**ABOUT THIS EXERCISE**: Below are records; write all of them out exactly.

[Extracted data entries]

● ● ● ● ● ● ●

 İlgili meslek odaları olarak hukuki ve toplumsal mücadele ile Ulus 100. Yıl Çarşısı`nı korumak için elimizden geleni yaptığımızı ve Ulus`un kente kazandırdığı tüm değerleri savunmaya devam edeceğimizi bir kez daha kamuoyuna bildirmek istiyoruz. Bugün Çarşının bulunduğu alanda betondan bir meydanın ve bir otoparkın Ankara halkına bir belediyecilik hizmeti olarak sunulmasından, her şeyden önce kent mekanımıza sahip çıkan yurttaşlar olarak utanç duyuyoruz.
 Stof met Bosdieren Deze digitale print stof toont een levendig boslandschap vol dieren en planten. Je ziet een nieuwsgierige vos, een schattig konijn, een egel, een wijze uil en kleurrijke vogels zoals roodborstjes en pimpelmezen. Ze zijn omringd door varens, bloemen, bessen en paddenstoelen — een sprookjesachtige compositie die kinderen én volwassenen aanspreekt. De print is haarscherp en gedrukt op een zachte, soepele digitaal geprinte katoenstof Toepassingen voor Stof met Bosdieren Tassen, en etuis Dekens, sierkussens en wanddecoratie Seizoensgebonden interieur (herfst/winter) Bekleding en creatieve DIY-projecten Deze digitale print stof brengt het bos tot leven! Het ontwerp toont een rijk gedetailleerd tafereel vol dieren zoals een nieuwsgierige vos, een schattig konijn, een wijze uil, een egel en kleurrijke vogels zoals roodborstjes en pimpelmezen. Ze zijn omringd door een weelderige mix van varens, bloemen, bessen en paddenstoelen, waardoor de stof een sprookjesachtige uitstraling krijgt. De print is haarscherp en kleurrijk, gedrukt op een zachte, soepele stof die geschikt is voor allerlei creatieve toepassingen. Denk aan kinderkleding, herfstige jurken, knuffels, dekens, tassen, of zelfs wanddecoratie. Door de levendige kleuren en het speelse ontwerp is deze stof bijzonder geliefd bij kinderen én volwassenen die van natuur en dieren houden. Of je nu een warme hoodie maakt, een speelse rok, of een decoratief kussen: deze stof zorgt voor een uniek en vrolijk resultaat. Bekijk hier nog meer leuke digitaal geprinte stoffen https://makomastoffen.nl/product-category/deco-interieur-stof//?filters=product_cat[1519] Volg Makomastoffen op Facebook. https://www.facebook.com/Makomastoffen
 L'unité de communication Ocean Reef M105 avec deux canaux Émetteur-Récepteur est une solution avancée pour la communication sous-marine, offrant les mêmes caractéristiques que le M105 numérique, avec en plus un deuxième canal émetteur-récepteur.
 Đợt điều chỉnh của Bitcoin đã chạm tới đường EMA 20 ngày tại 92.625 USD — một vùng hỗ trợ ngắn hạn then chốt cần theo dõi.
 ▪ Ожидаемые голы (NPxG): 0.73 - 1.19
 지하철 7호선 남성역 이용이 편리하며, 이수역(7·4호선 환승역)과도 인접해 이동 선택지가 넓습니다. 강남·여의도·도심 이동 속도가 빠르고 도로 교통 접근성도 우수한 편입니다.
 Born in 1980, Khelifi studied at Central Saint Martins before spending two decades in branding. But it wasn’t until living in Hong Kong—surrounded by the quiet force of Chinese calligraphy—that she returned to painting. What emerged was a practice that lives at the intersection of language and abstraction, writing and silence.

● ● ● ● ● ● ●

**EXERCISE SOLUTION**:
 İlgili meslek odaları olarak hukuki ve toplumsal mücadele ile Ulus 100. Yıl Çarşısı`nı korumak için elimizden geleni yaptığımızı ve Ulus`un kente kazandırdığı tüm değerleri savunmaya devam edeceğimizi bir kez daha kamuoyuna bildirmek istiyoruz. Bugün Çarşının bulunduğu alanda betondan bir meydanın ve bir otoparkın Ankara halkına bir belediyecilik hizmeti olarak sunulmasından, her şeyden önce kent mekanımıza sahip çıkan yurttaşlar olarak utanç duyuyoruz.
 Stof met Bosdieren Deze digitale print stof toont een levendig boslandschap vol dieren en planten. Je ziet een nieuwsgierige vos, een schattig konijn, een egel, een wijze uil en kleurrijke vogels zoals roodborstjes en pimpelmezen. Ze zijn omringd door varens, bloemen, bessen en paddenstoelen — een sprookjesachtige compositie die kinderen én volwassenen aanspreekt. De print is haarscherp en gedrukt op een zachte, soepele digitaal geprinte katoenstof Toepassingen voor Stof met Bosdieren Tassen, en etuis Dekens, sierkussens en wanddecoratie Seizoensgebonden interieur (herfst/winter) Bekleding en creatieve DIY-projecten Deze digitale print stof brengt het bos tot leven! Het ontwerp toont een rijk gedetailleerd tafereel vol dieren zoals een nieuwsgierige vos, een schattig konijn, een wijze uil, een egel en kleurrijke vogels zoals roodborstjes en pimpelmezen. Ze zijn omringd door een weelderige mix van varens, bloemen, bessen en paddenstoelen, waardoor de stof een sprookjesachtige uitstraling krijgt. De print is haarscherp en kleurrijk, gedrukt op een zachte, soepele stof die geschikt is voor allerlei creatieve toepassingen. Denk aan kinderkleding, herfstige jurken, knuffels, dekens, tassen, of zelfs wanddecoratie. Door de levendige kleuren en het speelse ontwerp is deze stof bijzonder geliefd bij kinderen én volwassenen die van natuur en dieren houden. Of je nu een warme hoodie maakt, een speelse rok, of een decoratief kussen: deze stof zorgt voor een uniek en vrolijk resultaat. Bekijk hier nog meer leuke digitaal geprinte stoffen https://makomastoffen.nl/product-category/deco-interieur-stof//?filters=product_cat[1519] Volg Makomastoffen op Facebook. https://www.facebook.com/Makomastoffen
 L'unité de communication Ocean Reef M105 avec deux canaux Émetteur-Récepteur est une solution avancée pour la communication sous-marine, offrant les mêmes caractéristiques que le M105 numérique, avec en plus un deuxième canal émetteur-récepteur.
 Đợt điều chỉnh của Bitcoin đã chạm tới đường EMA 20 ngày tại 92.625 USD — một vùng hỗ trợ ngắn hạn then chốt cần theo dõi.
 ▪ Ожидаемые голы (NPxG): 0.73 - 1.19
 지하철 7호선 남성역 이용이 편리하며, 이수역(7·4호선 환승역)과도 인접해 이동 선택지가 넓습니다. 강남·여의도·도심 이동 속도가 빠르고 도로 교통 접근성도 우수한 편입니다.
 Born in 1980, Khelifi studied at Central Saint Martins before spending two decades in branding. But it wasn’t until living in Hong Kong—surrounded by the quiet force of Chinese calligraphy—that she returned to painting. What emerged was a practice that lives at the intersection of language and abstraction, writing and silence.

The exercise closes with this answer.